Closed coud closed 4 years ago
Hi,
thanks for taking the time to investigate the problem and create an issue.
The problem was to wrongly use truncated division for calculating how many times the time step fits into the timestamp. This can sometimes lead to an incorrect counter value due to a rounding error. The solution is to use floored division, as required by the RFC 6238.
I published a new version 2.0.1, which will be available at Maven Central shortly.
Kind regards, Marcel
Thank you for taking time to look about this. I realized that this is not really a bug but just my misunderstanding about the algorithm. What you did is already correct since integer division is same as floor and your update does not made a change. I looked at python version of the rfc (pyotp) and it's the same formula. Now I understand what a time window or time step is. It's just my first impression is just like jwt's expiration time.
The old code behaves wrong for negative timestamp values. For a timestamp -1234567
and a time step 30000
the counter value would be -41
with integer division, but -42
with floor division. This is because integer division only behaves like floor division for a positive values. For negative values integer division round towards zero and floor division in the other direction to negative infinity.
Whereby this is probably rather a theoretical error case, which does not occur in practice...
@coud Vide your first comment, I had the exact same issue and did the exact same digging and figured the same thing, that there's an issue w/ the way counters are calculated. But, in your last comment you did concur that it was your misunderstanding. Would be great if you could explain to me how you arrived at the conclusion that the counter calculation is actually correct?
@ndawar94 If you look at python's pyotp, it has the same behavior. If you tried one of the otp generators app on mobile such as google authenticator, you'll see that the code is generated each interval and this interval timing is the same for all of the otp generators that follows the rfc.
@coud Thanks for the prompt reply.
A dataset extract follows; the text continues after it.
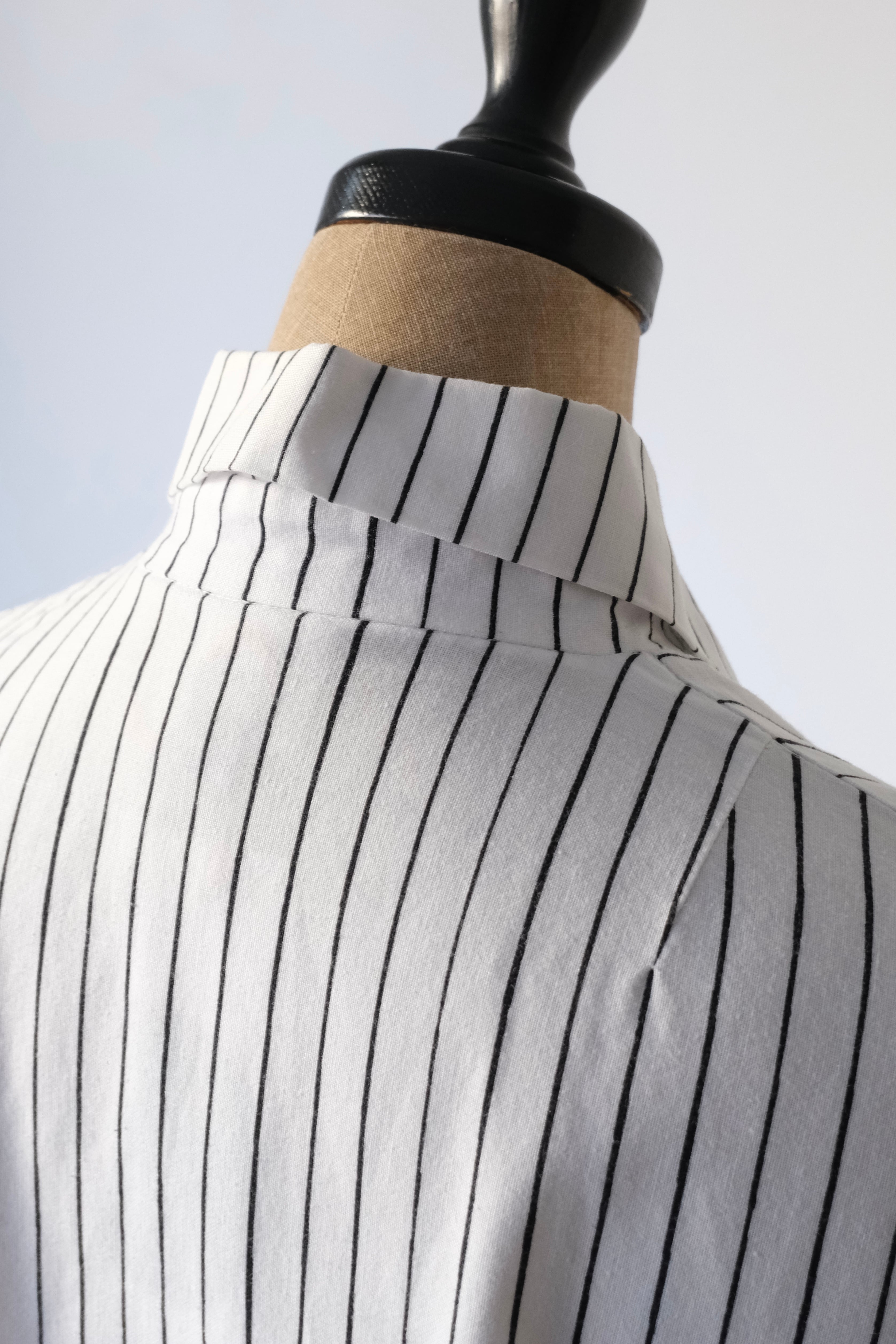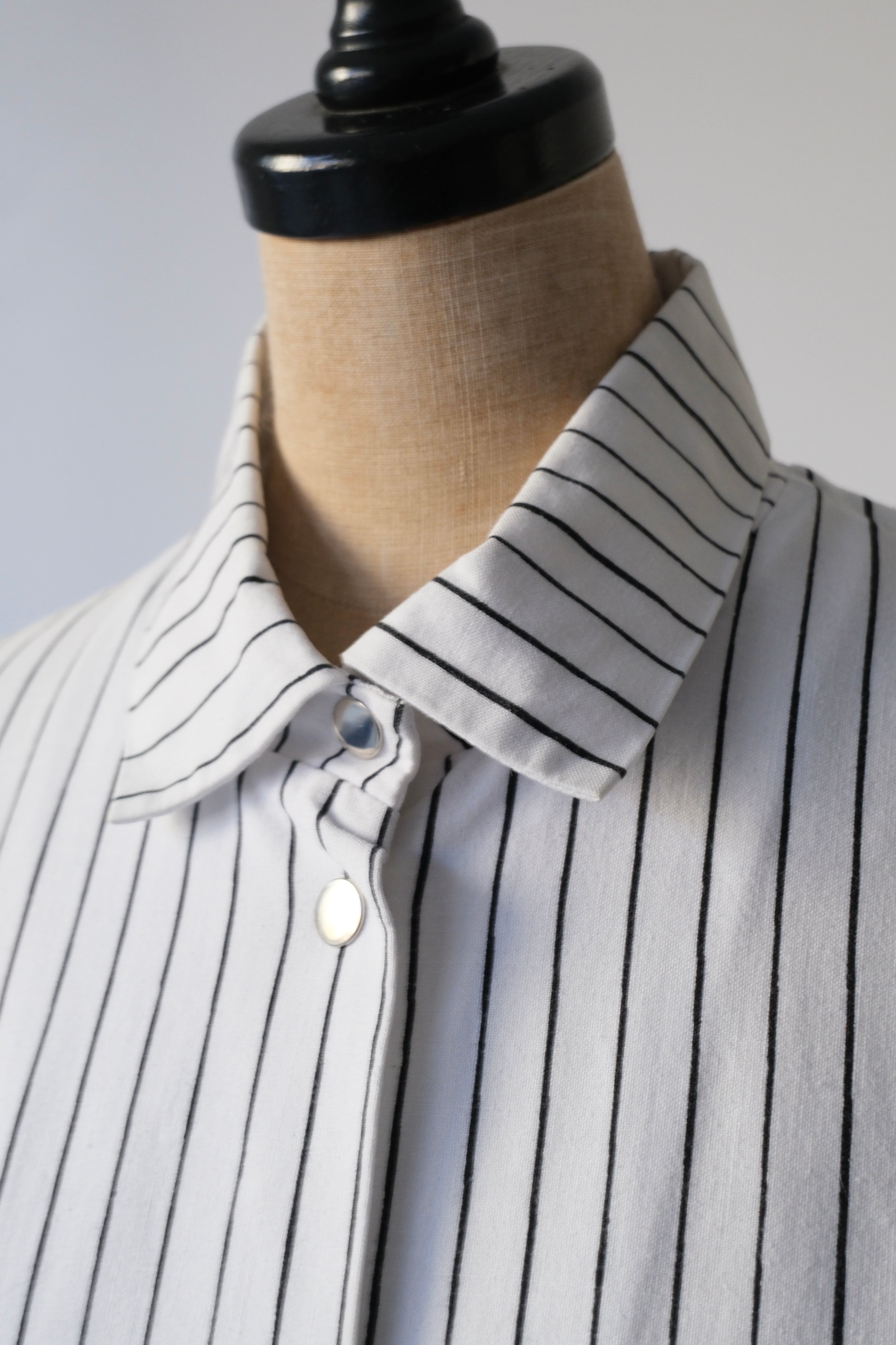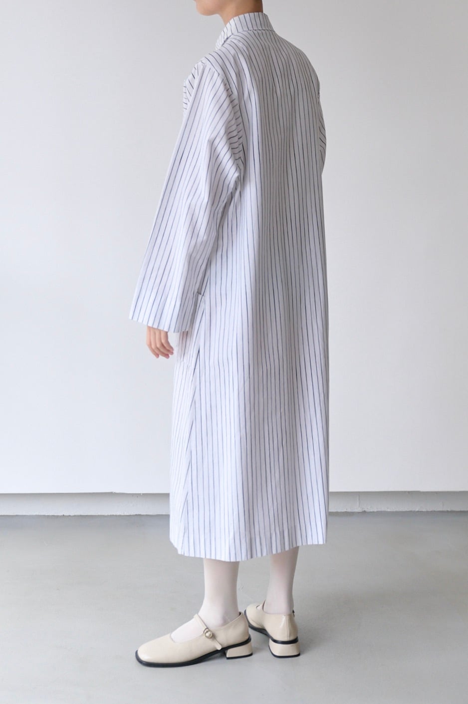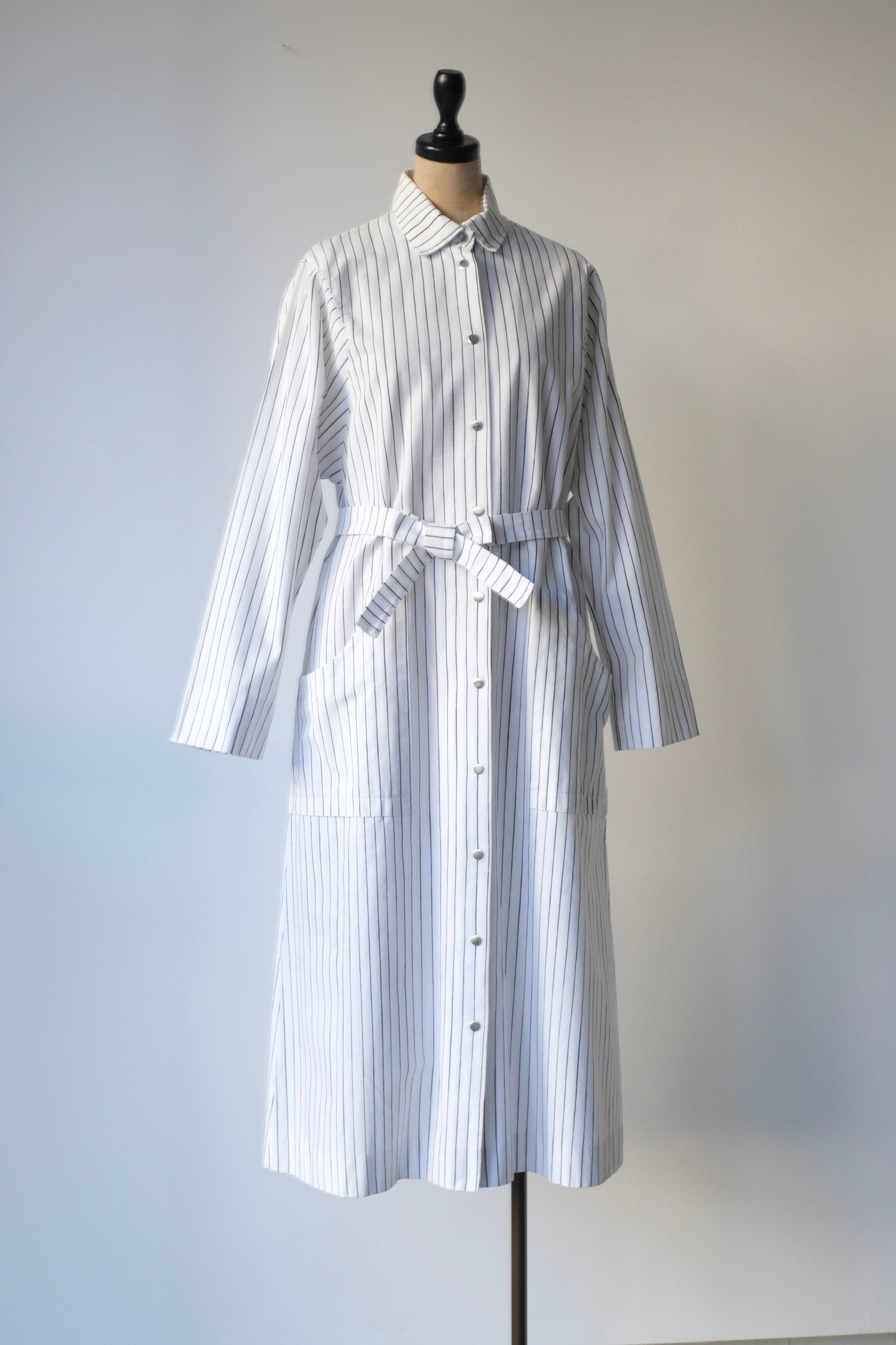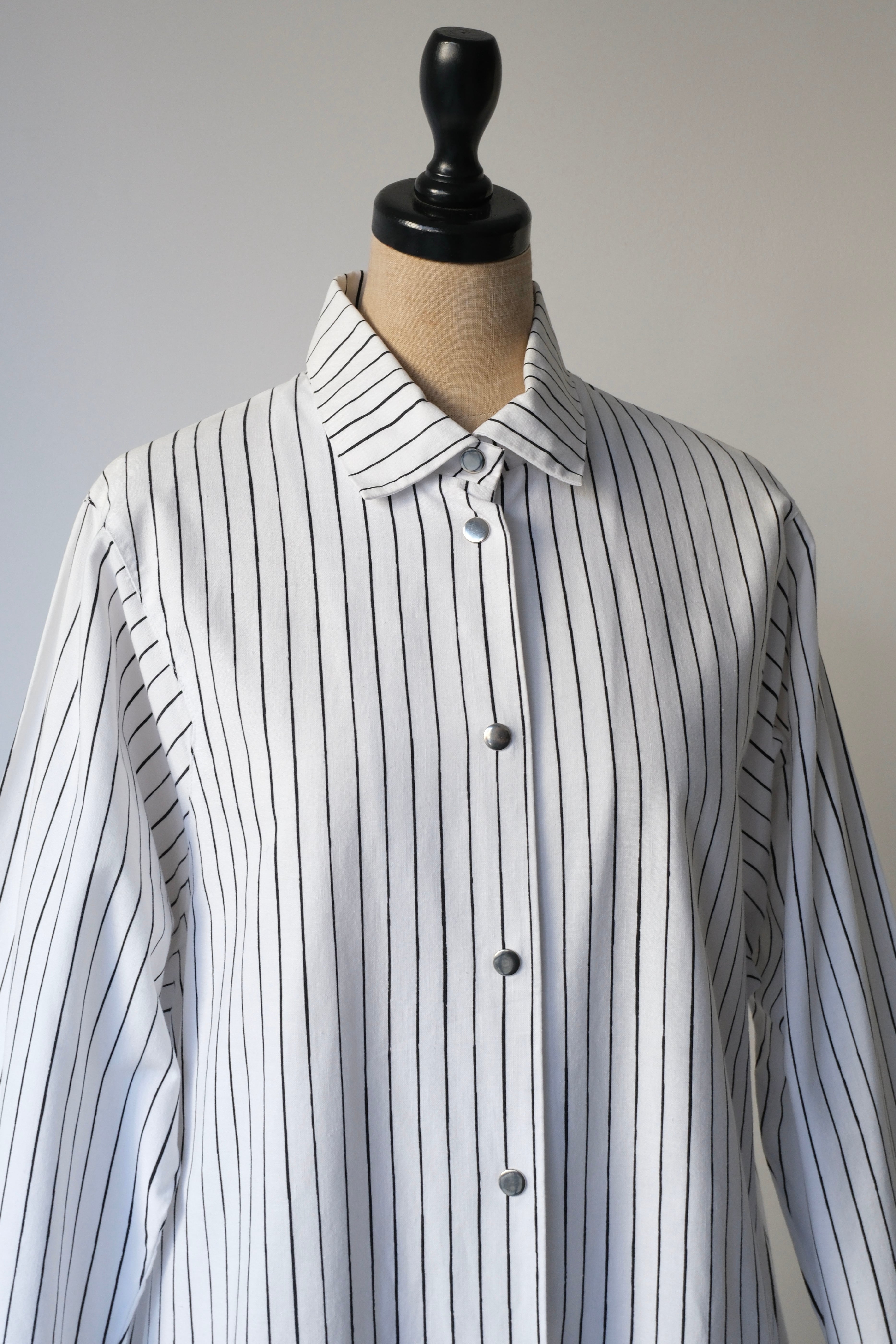 フロントと袖口にあしらわれたシルバーのスナップボタンは、プラスチックにはない適度な重みとマットなツヤがあり、クリーンなストライプ地に無機質なアクセントを加えています。腰位置に配された大きなポケットも目を引くポイント。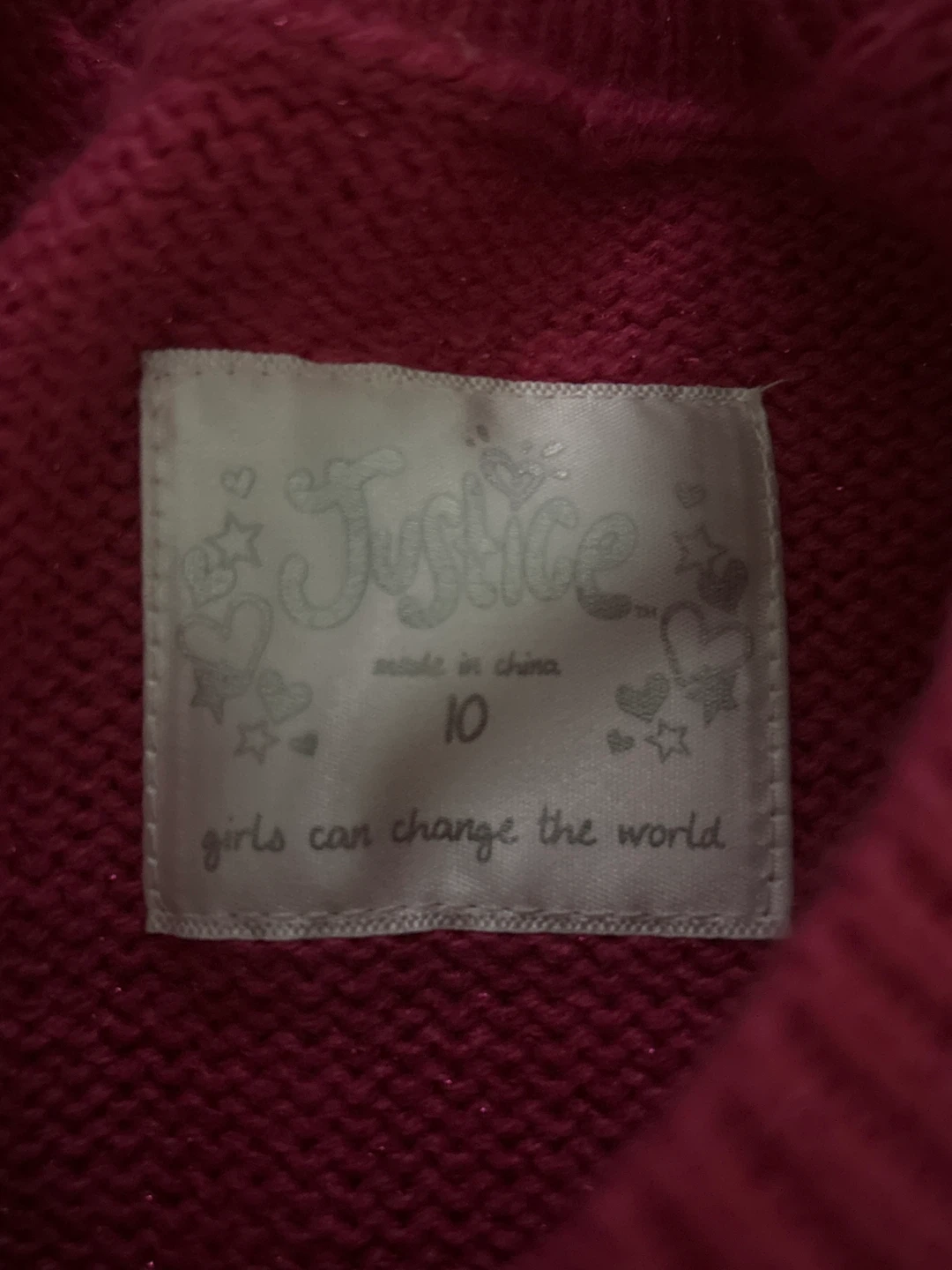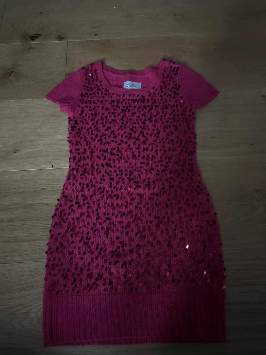 Selling a cute Justice girls' sweater dress in size 10. It's a lovely pink colour and features sparkly details. Perfect for a party or special occasion!

So, that means if I'm not relying on an authentication app and instead use sms/email to send the otp to the user, there's no way for me to pinpoint the exact validity of a TOTP token. E.g. if the step is defined as 30 secs and window as 2, the validity of a token might not always be exact 60 secs. It could even be less than that in some instances which can be attributed to the way counter is being calculated. Is my understanding correct?
@ndawar94 Yes that's correct.
I'm having a weird result when validating the code that has not been expired yet. Sometime it's true and sometime it's false. So I dig into it and I think that there is a bug in counter calculation.
For example, a code that will be valid for 3 seconds or 3000 milliseconds:
The first timestamp that generates the code is 1593777274247 is divided into 3000 milliseconds which is 531259091 and used as counter.
Now 2005 milliseconds passed and the timestamp is 1593777276252 and then divided to 3000 milliseconds which is 531259092 and used as counter.
The result of validation will be invalid because the counters are different.
Another example, suppose we use seconds instead of milliseconds and a very small number: Validity - 7 seconds
Starting timestamp - 10 So code is valid until 17 Counter = (10 / 7 = 1)
4 seconds passed and the timestamp now is 14 Counter = (14 / 7 = 2)
The resulting counters are different but the time does not yet passed the validity period.